__Your assignment__:
What lines in the material hold the string "with"? Copy out each of them.

__Supplied information__:
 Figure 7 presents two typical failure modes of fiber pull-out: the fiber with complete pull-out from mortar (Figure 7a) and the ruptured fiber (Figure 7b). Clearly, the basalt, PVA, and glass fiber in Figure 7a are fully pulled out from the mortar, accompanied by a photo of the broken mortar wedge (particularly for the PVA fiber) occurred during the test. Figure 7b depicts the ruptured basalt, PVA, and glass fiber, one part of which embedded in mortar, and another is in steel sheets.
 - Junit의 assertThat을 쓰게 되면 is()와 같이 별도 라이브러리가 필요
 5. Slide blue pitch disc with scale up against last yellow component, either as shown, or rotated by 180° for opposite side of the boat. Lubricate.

* * *

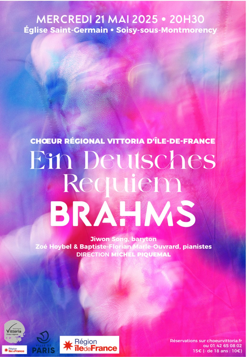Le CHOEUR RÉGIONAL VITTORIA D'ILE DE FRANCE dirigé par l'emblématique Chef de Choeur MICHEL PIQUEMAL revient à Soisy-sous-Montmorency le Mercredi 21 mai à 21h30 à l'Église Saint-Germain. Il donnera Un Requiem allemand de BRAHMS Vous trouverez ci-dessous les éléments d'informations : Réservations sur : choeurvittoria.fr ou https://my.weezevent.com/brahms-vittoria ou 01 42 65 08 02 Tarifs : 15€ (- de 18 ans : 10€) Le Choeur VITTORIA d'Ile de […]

__Result__:
 Figure 7 presents two typical failure modes of fiber pull-out: the fiber with complete pull-out from mortar (Figure 7a) and the ruptured fiber (Figure 7b). Clearly, the basalt, PVA, and glass fiber in Figure 7a are fully pulled out from the mortar, accompanied by a photo of the broken mortar wedge (particularly for the PVA fiber) occurred during the test. Figure 7b depicts the ruptured basalt, PVA, and glass fiber, one part of which embedded in mortar, and another is in steel sheets.
 5. Slide blue pitch disc with scale up against last yellow component, either as shown, or rotated by 180° for opposite side of the boat. Lubricate.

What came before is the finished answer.